◆ Assignment
Each line in the material below, starting at the one with "It’s easy with" and ending at the one with "11 nguyên tắc", is to be reproduced exactly; no picture is to be copied.

◆ Working data
++++++++++++++++++++
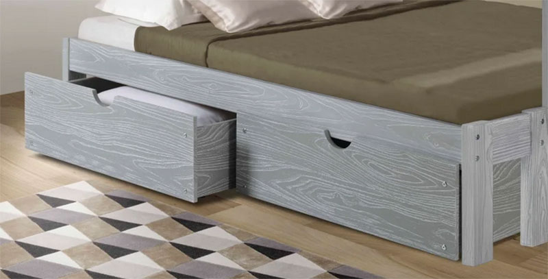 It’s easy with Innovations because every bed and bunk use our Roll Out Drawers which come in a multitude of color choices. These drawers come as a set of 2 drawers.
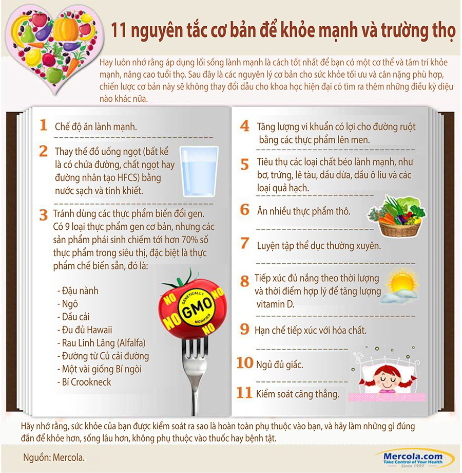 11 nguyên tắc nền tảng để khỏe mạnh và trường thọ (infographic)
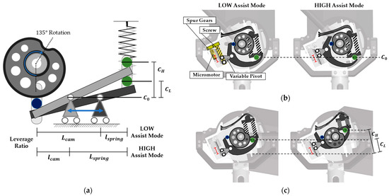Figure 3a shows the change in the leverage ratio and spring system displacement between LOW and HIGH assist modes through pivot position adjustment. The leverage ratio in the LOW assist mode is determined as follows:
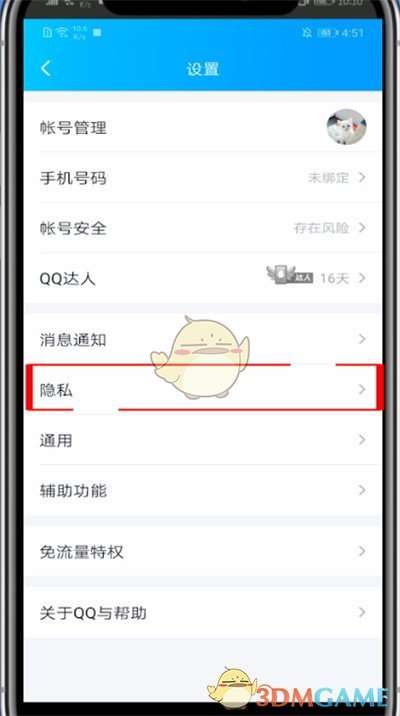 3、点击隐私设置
++++++++++++++++++++
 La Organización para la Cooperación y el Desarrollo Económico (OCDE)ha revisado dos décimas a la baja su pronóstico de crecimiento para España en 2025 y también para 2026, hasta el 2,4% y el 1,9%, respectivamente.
++++++++++++++++++++
◆ Task response
 It’s easy with Innovations because every bed and bunk use our Roll Out Drawers which come in a multitude of color choices. These drawers come as a set of 2 drawers.
 11 nguyên tắc nền tảng để khỏe mạnh và trường thọ (infographic)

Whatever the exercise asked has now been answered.